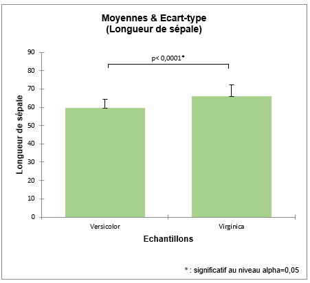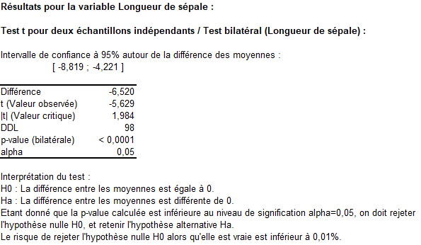 Ci-dessous sont les résultats pour la première variable : Longueur Sépales. Le test présente une p-value inférieure au seuil de 5% on peut donc rejeter l'hypothèse nulle et conclure que la longueur des sépales est significativement différente entre les deux espèces.
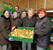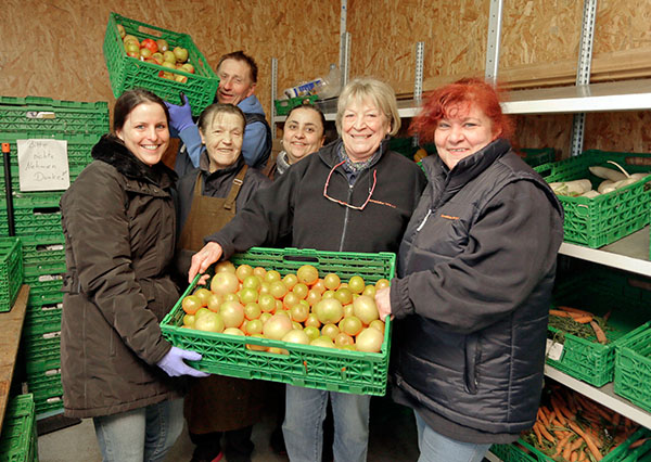 Im Gemüsehaus finden die Tafel-Kunden frisches Obst und Gemüse für ihren Einkauf. Die freundlichen, ehrenamtlichen Mitarbeiter, rund um die Leiterin Ursula Summer (2.v.re.), stehen ihnen dabei tatkräftig zur Seite. Foto: soe
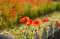Rode klaprozen bij een hek in het oude centrum van Noordwijk. De zon die er doorheen schijnt en het bewegen op de wind. Blijft magisch mooi dit.
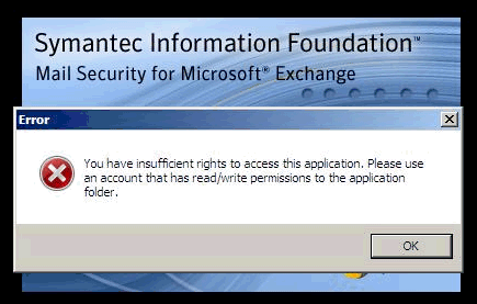 When you try to open the console for Symantec Mail Security for Microsoft Exchange (SMSMSE) you get the error "You have insufficient rights to access this application."

[DESCRIPTION OF THE TASK]
Restrict the output to the lines from the one with "Rode klaprozen bij" through the last line of the material above. Print them exactly, leaving out every picture.

[TASK ANSWER]
Rode klaprozen bij een hek in het oude centrum van Noordwijk. De zon die er doorheen schijnt en het bewegen op de wind. Blijft magisch mooi dit.
 When you try to open the console for Symantec Mail Security for Microsoft Exchange (SMSMSE) you get the error "You have insufficient rights to access this application."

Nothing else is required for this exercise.